The IRS issued proposed rules (REG-115809-11) that would permit IRA participants to enter into contracts for annuities that begin at an advanced age (often called longevity annuities), using a certain amount of their account balances without having these amounts count for calculating required minimum distributions from the IRAs under Regs. Sec. 401(a)(9)-6. The rules would allow participants in 403(b) and eligible governmental 457 plans as well as IRAs (but not Roth IRAs or defined benefit plans) to purchase these contracts, which would be called “qualifying longevity annuity contracts” (QLACs).
QLACs would allow participants to hedge against the risk of outliving their retirement savings. QLACs would be required to begin distributions no later than the month after the participant’s 85th birthday, but could provide for an earlier starting date.

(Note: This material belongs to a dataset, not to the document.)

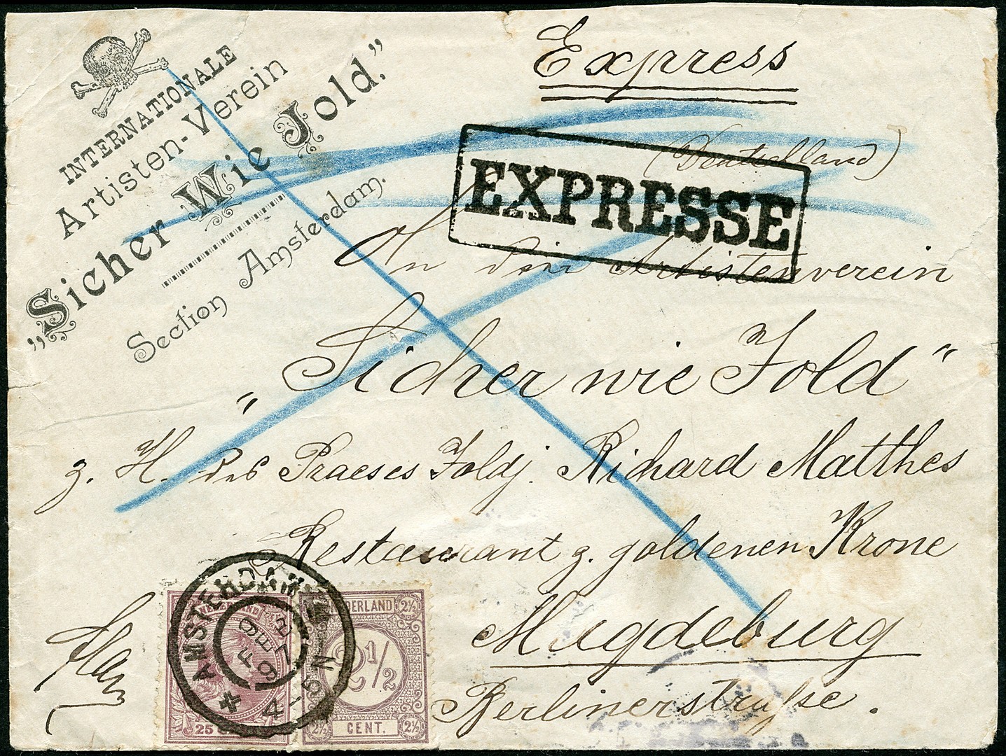 25 Cent Hangend Haar en 2½c (beide zeer fraai) op per expresse van Amsterdam 9-2-1897 naar Magdeburg 10-2 verzonden couvert van de Artiestenvereniging 'Sicher Wie Jold'

Participants would be permitted to exclude the value of the QLAC from the account balance that is used to determine required minimum distributions.
The premiums paid for the QLACs would be limited to the lesser of $100,000 (adjusted for inflation) or 25% of the participant’s account balance at the date of payment. If the premiums (which are added together if multiple contracts are purchased) exceed these amounts, the contracts would cease to be QLACs.
QLACs would be permitted to pay benefits after the death of the participant, but those benefits would be limited. If the sole beneficiary is a surviving spouse, the spouse is permitted to receive a life annuity, provided it does not exceed 100% of the annuity the participant received. If the surviving spouse is not the sole beneficiary, the payments are limited to an amount determined under Sec. 401(a)(9)(G).
Because a QLAC would often be purchased many years before its payments would begin, the proposed rules contain a reporting requirement not to the IRS, but to the participant. The reports must begin in the calendar year in which the premiums are first paid and end with the earlier of the year the individual for whom the contract was purchased turns 85 or dies. However, if the individual who dies has a surviving spouse as the sole beneficiary, reporting must continue until the year the spouse’s distributions commence or the spouse dies, if earlier.
The rules will apply only after they are published as final in the Federal Register. Until then, the existing rules under Sec. 401(a)(9) governing required minimum distributions continue to apply.